ASTM D5134 Standard Test Method for Detailed Analysis of Petroleum Naphthas through n-Nonane by Capillary Gas Chromatography
11. Split Injection Linearity
11.1 The choice of split ratio used is dependent upon the split linearity characteristics of the particular injector and the sample capacity of the column. Overloading of the column may cause loss of resolution for some components and, since overloaded peaks are skewed, variance in retention times. This can lead to erroneous component identification. During column evaluations and split linearity studies, watch for any skewed peaks that may indicate overload. Note the component size and where possible, avoid conditions leading to this problem during actual analyses.

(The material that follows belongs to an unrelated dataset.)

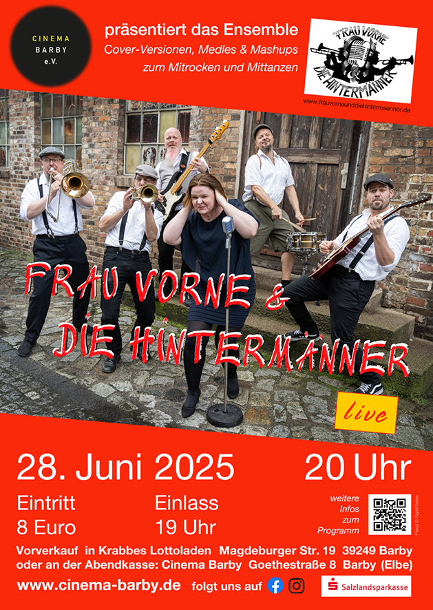Vor der Sommerpause lassen wir es nochmal krachen: Die 6-köpfige Berliner Band „Frau Vorne und die Hintermänner“ tritt im Kino auf. Ihre Musik, die in Richtung Ska und Rock geht, die aber auch Elemente aus Punk, Funk, Reggae und Pop enthalten, lässt Niemanden kalt, der sie hört. Mittanzen ist hier angesagt, weswegen auch die vorderen Sitzreihen im Kino ausgebaut werden und eine Tanzfläche geschaffen wird.

11.2 Splitting injector linearity should be established to determine proper quantitative parameters and limits. Use a standard mixture of known weight percentages of 10 to 20 pure (99 + %) hydrocarbons, covering the boiling range of this test method. To prevent losses due to volatility, do not use any compounds lighter than n-hexane.
11.3 Inject and integrate this standard under the following conditions, using the operating conditions listed in Table 2. Split ratio may be determined by direct flow measurements or by calculation as shown in Annex A2. Faster temperature programming may be used as long as the components are eluted as discrete peaks.
11.4 Calculate the concentration of each compound in the mixture by area normalization with response factors. Use a response factor of 1.00 for all compounds except benzene (0.90) and toluene (0.95). Determine the relative error of the calculated concentrations from the known concentrations.
11.5 Use only those combinations of conditions from 11.3 which result in 3 % or less relative error. This is the splitter linearity range.